## Task
Everything from the line containing "さてもう一目瞭然(グラフの縦" to the last line of the listing below should be restated exactly, both ends included, with nothing added and the pictures omitted.

Dataset content Block Start

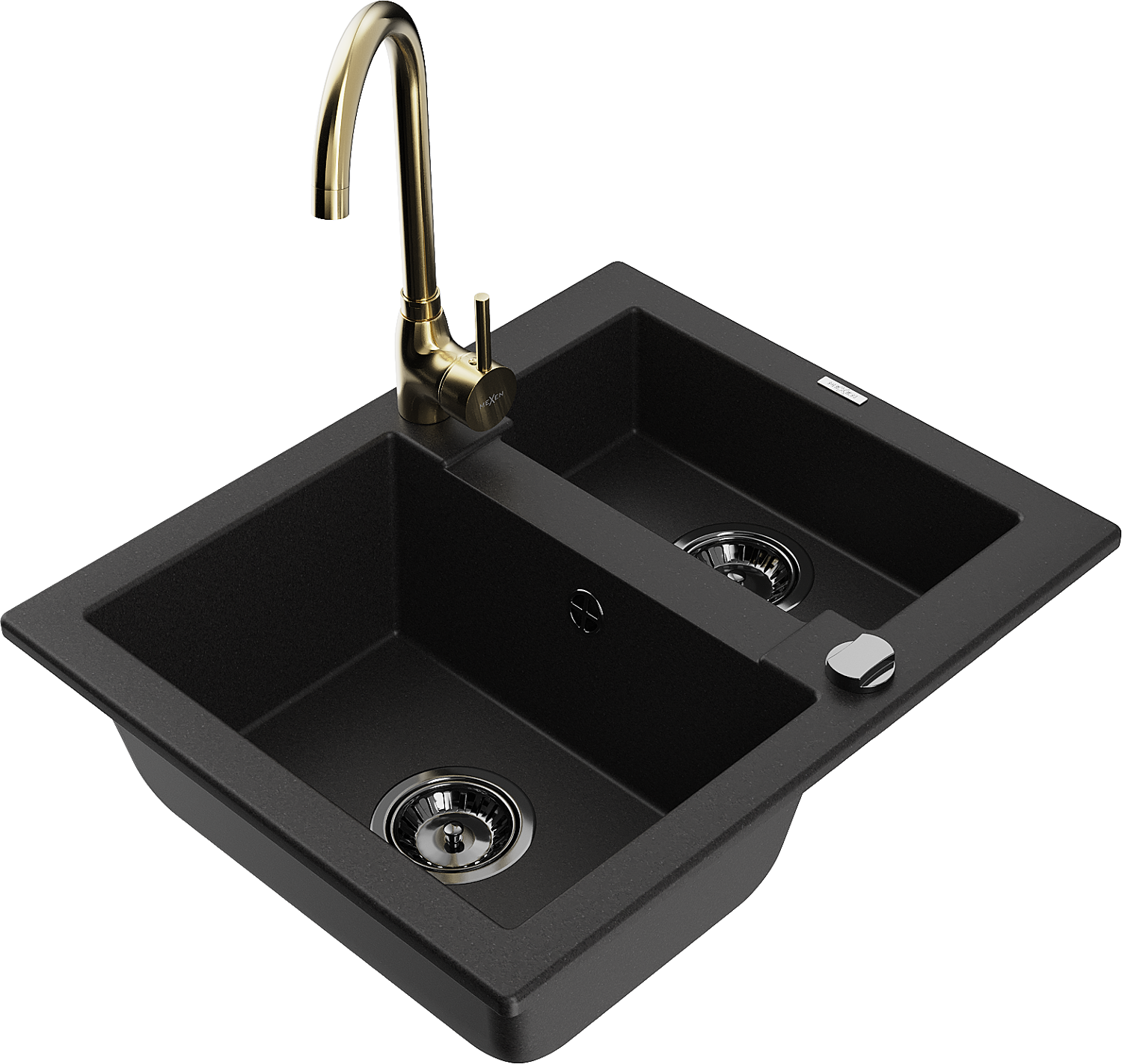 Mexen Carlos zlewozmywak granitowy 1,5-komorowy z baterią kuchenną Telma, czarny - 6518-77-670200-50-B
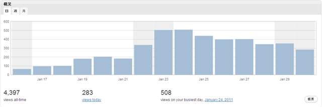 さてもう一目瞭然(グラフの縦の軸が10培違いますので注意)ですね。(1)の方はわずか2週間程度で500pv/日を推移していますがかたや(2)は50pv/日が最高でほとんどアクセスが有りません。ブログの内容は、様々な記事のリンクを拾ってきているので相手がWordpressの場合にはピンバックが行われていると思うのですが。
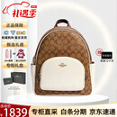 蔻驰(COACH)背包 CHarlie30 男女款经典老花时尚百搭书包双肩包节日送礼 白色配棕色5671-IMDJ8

Dataset content Block End

## Completed task
 さてもう一目瞭然(グラフの縦の軸が10培違いますので注意)ですね。(1)の方はわずか2週間程度で500pv/日を推移していますがかたや(2)は50pv/日が最高でほとんどアクセスが有りません。ブログの内容は、様々な記事のリンクを拾ってきているので相手がWordpressの場合にはピンバックが行われていると思うのですが。
 蔻驰(COACH)背包 CHarlie30 男女款经典老花时尚百搭书包双肩包节日送礼 白色配棕色5671-IMDJ8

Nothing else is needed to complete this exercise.